Nova Lei de Comunicação Social de Cuba
A nova Lei de Comunicação Social de Cuba, que entrou em vigor em 4 de outubro, desencadeou uma onda de repressão severa direcionada a jornalistas independentes que trabalham fora dos meios oficiais. Os jornalistas afirmaram sofrer assédio, ameaças e acusações de mercenarismo, acusação sob o Artigo 143 do Código Penal introduzido em 2022 e define pena de 4 a 10 anos de prisão. As autoridades alegam que esses jornalistas recebem fundos do exterior para cometer atos que ameaçam a ordem constitucional.
“O regime cubano, sem demora, lançou uma nova onda de repressão, que pode ser qualificada como terrorismo de Estado”, disse Normando Hernández, diretor-geral do Instituto Cubano para a Liberdade de Expressão e Imprensa (ICLEP), à LatAm Journalism Review. Ele acrescentou que o objetivo é claro: “infundir terror, forçá-los a abandonar seu trabalho informativo e adverti-los, por meio de ameaças e coerção, de que a nova lei é mais um instrumento para encarcerá-los”.

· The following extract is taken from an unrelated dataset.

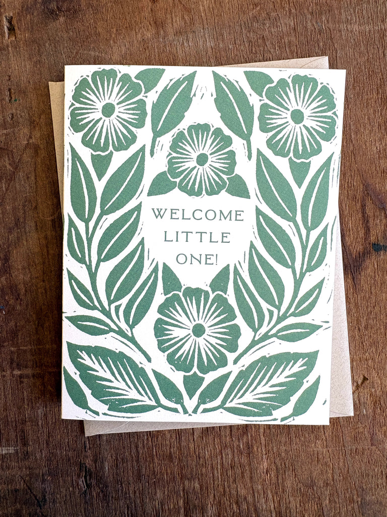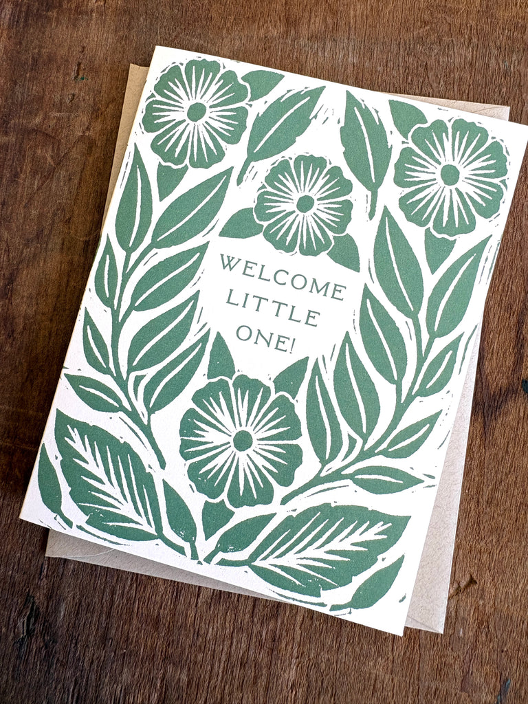 For her offset printed cards, Katharine begins each greeting card design with a sketch, watercolor painting or hand-carved linoleum block, which is digitally translated and later, individually printed by our printing partners.

Os membros do IFEX ARTICULO 19 e da Repórteres sem Fronteiras documentaram os padrões perturbadores de interrogatórios de jornalistas. Eles são submetidos a abusos verbais e pressionados a assinarem declarações ou gravarem confissões por vídeo, admitindo o envolvimento com projetos alegadamente financiados por fontes estrangeiras. Essas confissões, que tendem a serem transmitidos em mídia controlada pelo Estado – uma camada a mais de humilhação – também são feitas sob ameaça de prisão ou ameaças contra suas famílias, entes queridos, ou outras pessoas em suas redes de contato. Os indivíduos ameaçados são forçados a escolher entre serem rotulados como réus, ou como testemunhas de Estado, com provas, adquiridas com as confissões forçadas, sendo usadas para corroborar as acusações criminais.
Os meios digitais de comunicação independentes da região, incluindo El Toque, Cubanet, Periodismo de Barrio e Magazine AM:PM, relataram prisões arbitrárias, interrogatórios ilegais, ameaças de processos criminais e confisco de equipamentos pessoais ou de trabalho. Outros membros do IFEX, incluindo CPJ, a Sociedade Interamericana de Imprensa (SIP) e diversas organizações dos direitos humanos condenaram esses atos, advertindo que a Lei de Comunicação Social representa uma nova ferramenta para o governo cubano conter a liberdade de expressão e restringir o acesso à informação.